§ **WORK ITEM**
The answer is to be the data below, written out in full and exactly.

#### DATA FOR THIS EXERCISE ####

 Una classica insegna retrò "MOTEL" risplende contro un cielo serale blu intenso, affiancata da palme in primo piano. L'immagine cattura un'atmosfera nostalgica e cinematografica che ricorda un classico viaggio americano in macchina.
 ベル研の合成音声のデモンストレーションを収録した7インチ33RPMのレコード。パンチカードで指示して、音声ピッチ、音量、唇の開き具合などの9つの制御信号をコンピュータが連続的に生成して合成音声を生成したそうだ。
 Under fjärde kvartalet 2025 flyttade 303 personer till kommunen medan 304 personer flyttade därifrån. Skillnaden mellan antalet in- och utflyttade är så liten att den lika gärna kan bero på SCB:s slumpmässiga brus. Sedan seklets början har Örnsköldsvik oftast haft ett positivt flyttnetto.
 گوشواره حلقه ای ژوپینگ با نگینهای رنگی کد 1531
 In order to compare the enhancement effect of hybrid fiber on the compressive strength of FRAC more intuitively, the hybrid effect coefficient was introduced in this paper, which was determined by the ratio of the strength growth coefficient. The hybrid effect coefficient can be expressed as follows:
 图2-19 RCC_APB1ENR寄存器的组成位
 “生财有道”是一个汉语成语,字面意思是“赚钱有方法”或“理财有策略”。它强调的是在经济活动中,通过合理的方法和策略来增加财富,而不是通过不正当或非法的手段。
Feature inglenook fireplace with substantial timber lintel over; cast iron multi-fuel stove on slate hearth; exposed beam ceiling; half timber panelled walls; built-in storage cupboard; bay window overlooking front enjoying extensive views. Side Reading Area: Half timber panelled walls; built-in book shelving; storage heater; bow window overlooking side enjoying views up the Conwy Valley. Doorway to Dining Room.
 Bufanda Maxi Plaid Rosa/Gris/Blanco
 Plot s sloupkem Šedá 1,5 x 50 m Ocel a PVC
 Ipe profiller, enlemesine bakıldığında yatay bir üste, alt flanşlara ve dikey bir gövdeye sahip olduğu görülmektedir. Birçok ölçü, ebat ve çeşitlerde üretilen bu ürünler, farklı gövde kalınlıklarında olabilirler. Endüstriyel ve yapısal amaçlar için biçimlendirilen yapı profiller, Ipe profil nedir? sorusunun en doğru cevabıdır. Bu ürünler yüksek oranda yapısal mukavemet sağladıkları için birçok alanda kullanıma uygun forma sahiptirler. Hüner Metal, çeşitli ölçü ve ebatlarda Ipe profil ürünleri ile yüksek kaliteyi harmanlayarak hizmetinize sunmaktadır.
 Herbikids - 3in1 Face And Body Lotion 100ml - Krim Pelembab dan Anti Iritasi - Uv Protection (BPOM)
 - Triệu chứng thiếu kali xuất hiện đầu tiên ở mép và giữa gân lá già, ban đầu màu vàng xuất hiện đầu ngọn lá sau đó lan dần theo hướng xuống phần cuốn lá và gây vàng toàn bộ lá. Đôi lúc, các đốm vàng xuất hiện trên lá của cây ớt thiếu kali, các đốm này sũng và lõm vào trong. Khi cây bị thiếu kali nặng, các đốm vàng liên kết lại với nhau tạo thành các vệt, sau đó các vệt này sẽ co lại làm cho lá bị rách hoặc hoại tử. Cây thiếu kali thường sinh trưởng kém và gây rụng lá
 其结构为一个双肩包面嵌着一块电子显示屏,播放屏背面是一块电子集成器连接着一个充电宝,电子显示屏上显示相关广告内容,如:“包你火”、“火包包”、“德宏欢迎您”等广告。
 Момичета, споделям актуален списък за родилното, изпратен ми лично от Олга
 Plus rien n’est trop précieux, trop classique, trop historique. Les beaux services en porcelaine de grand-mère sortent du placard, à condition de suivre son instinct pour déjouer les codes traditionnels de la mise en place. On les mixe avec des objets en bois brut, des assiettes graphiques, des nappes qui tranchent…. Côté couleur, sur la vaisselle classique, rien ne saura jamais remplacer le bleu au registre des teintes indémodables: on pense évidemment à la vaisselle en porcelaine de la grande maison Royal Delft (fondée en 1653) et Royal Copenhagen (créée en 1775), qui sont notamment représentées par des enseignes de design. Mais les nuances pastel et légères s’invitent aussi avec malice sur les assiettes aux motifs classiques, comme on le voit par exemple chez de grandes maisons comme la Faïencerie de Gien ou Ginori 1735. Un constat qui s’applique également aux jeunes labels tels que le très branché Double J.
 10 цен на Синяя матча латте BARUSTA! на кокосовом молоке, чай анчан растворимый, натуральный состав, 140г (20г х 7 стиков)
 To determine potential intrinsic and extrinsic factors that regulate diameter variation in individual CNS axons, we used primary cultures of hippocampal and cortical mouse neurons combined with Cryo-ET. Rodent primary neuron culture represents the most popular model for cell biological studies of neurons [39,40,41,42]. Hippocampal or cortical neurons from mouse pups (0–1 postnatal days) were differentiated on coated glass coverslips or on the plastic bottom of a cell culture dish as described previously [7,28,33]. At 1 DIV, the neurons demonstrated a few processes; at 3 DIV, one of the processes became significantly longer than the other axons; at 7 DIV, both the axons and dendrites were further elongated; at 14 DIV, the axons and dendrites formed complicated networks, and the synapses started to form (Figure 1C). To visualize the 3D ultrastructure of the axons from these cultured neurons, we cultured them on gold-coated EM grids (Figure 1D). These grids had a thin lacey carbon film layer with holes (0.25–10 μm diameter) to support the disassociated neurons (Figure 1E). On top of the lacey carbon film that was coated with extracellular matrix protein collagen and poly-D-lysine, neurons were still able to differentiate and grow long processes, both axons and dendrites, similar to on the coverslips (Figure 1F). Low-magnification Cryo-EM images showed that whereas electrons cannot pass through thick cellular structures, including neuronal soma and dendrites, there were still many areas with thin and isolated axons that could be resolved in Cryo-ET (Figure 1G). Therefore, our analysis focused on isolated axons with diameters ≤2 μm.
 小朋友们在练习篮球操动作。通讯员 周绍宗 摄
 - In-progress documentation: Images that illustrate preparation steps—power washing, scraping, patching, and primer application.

####

§ **RESULT OF THIS EXERCISE**
 Una classica insegna retrò "MOTEL" risplende contro un cielo serale blu intenso, affiancata da palme in primo piano. L'immagine cattura un'atmosfera nostalgica e cinematografica che ricorda un classico viaggio americano in macchina.
 ベル研の合成音声のデモンストレーションを収録した7インチ33RPMのレコード。パンチカードで指示して、音声ピッチ、音量、唇の開き具合などの9つの制御信号をコンピュータが連続的に生成して合成音声を生成したそうだ。
 Under fjärde kvartalet 2025 flyttade 303 personer till kommunen medan 304 personer flyttade därifrån. Skillnaden mellan antalet in- och utflyttade är så liten att den lika gärna kan bero på SCB:s slumpmässiga brus. Sedan seklets början har Örnsköldsvik oftast haft ett positivt flyttnetto.
 گوشواره حلقه ای ژوپینگ با نگینهای رنگی کد 1531
 In order to compare the enhancement effect of hybrid fiber on the compressive strength of FRAC more intuitively, the hybrid effect coefficient was introduced in this paper, which was determined by the ratio of the strength growth coefficient. The hybrid effect coefficient can be expressed as follows:
 图2-19 RCC_APB1ENR寄存器的组成位
 “生财有道”是一个汉语成语,字面意思是“赚钱有方法”或“理财有策略”。它强调的是在经济活动中,通过合理的方法和策略来增加财富,而不是通过不正当或非法的手段。
Feature inglenook fireplace with substantial timber lintel over; cast iron multi-fuel stove on slate hearth; exposed beam ceiling; half timber panelled walls; built-in storage cupboard; bay window overlooking front enjoying extensive views. Side Reading Area: Half timber panelled walls; built-in book shelving; storage heater; bow window overlooking side enjoying views up the Conwy Valley. Doorway to Dining Room.
 Bufanda Maxi Plaid Rosa/Gris/Blanco
 Plot s sloupkem Šedá 1,5 x 50 m Ocel a PVC
 Ipe profiller, enlemesine bakıldığında yatay bir üste, alt flanşlara ve dikey bir gövdeye sahip olduğu görülmektedir. Birçok ölçü, ebat ve çeşitlerde üretilen bu ürünler, farklı gövde kalınlıklarında olabilirler. Endüstriyel ve yapısal amaçlar için biçimlendirilen yapı profiller, Ipe profil nedir? sorusunun en doğru cevabıdır. Bu ürünler yüksek oranda yapısal mukavemet sağladıkları için birçok alanda kullanıma uygun forma sahiptirler. Hüner Metal, çeşitli ölçü ve ebatlarda Ipe profil ürünleri ile yüksek kaliteyi harmanlayarak hizmetinize sunmaktadır.
 Herbikids - 3in1 Face And Body Lotion 100ml - Krim Pelembab dan Anti Iritasi - Uv Protection (BPOM)
 - Triệu chứng thiếu kali xuất hiện đầu tiên ở mép và giữa gân lá già, ban đầu màu vàng xuất hiện đầu ngọn lá sau đó lan dần theo hướng xuống phần cuốn lá và gây vàng toàn bộ lá. Đôi lúc, các đốm vàng xuất hiện trên lá của cây ớt thiếu kali, các đốm này sũng và lõm vào trong. Khi cây bị thiếu kali nặng, các đốm vàng liên kết lại với nhau tạo thành các vệt, sau đó các vệt này sẽ co lại làm cho lá bị rách hoặc hoại tử. Cây thiếu kali thường sinh trưởng kém và gây rụng lá
 其结构为一个双肩包面嵌着一块电子显示屏,播放屏背面是一块电子集成器连接着一个充电宝,电子显示屏上显示相关广告内容,如:“包你火”、“火包包”、“德宏欢迎您”等广告。
 Момичета, споделям актуален списък за родилното, изпратен ми лично от Олга
 Plus rien n’est trop précieux, trop classique, trop historique. Les beaux services en porcelaine de grand-mère sortent du placard, à condition de suivre son instinct pour déjouer les codes traditionnels de la mise en place. On les mixe avec des objets en bois brut, des assiettes graphiques, des nappes qui tranchent…. Côté couleur, sur la vaisselle classique, rien ne saura jamais remplacer le bleu au registre des teintes indémodables: on pense évidemment à la vaisselle en porcelaine de la grande maison Royal Delft (fondée en 1653) et Royal Copenhagen (créée en 1775), qui sont notamment représentées par des enseignes de design. Mais les nuances pastel et légères s’invitent aussi avec malice sur les assiettes aux motifs classiques, comme on le voit par exemple chez de grandes maisons comme la Faïencerie de Gien ou Ginori 1735. Un constat qui s’applique également aux jeunes labels tels que le très branché Double J.
 10 цен на Синяя матча латте BARUSTA! на кокосовом молоке, чай анчан растворимый, натуральный состав, 140г (20г х 7 стиков)
 To determine potential intrinsic and extrinsic factors that regulate diameter variation in individual CNS axons, we used primary cultures of hippocampal and cortical mouse neurons combined with Cryo-ET. Rodent primary neuron culture represents the most popular model for cell biological studies of neurons [39,40,41,42]. Hippocampal or cortical neurons from mouse pups (0–1 postnatal days) were differentiated on coated glass coverslips or on the plastic bottom of a cell culture dish as described previously [7,28,33]. At 1 DIV, the neurons demonstrated a few processes; at 3 DIV, one of the processes became significantly longer than the other axons; at 7 DIV, both the axons and dendrites were further elongated; at 14 DIV, the axons and dendrites formed complicated networks, and the synapses started to form (Figure 1C). To visualize the 3D ultrastructure of the axons from these cultured neurons, we cultured them on gold-coated EM grids (Figure 1D). These grids had a thin lacey carbon film layer with holes (0.25–10 μm diameter) to support the disassociated neurons (Figure 1E). On top of the lacey carbon film that was coated with extracellular matrix protein collagen and poly-D-lysine, neurons were still able to differentiate and grow long processes, both axons and dendrites, similar to on the coverslips (Figure 1F). Low-magnification Cryo-EM images showed that whereas electrons cannot pass through thick cellular structures, including neuronal soma and dendrites, there were still many areas with thin and isolated axons that could be resolved in Cryo-ET (Figure 1G). Therefore, our analysis focused on isolated axons with diameters ≤2 μm.
 小朋友们在练习篮球操动作。通讯员 周绍宗 摄
 - In-progress documentation: Images that illustrate preparation steps—power washing, scraping, patching, and primer application.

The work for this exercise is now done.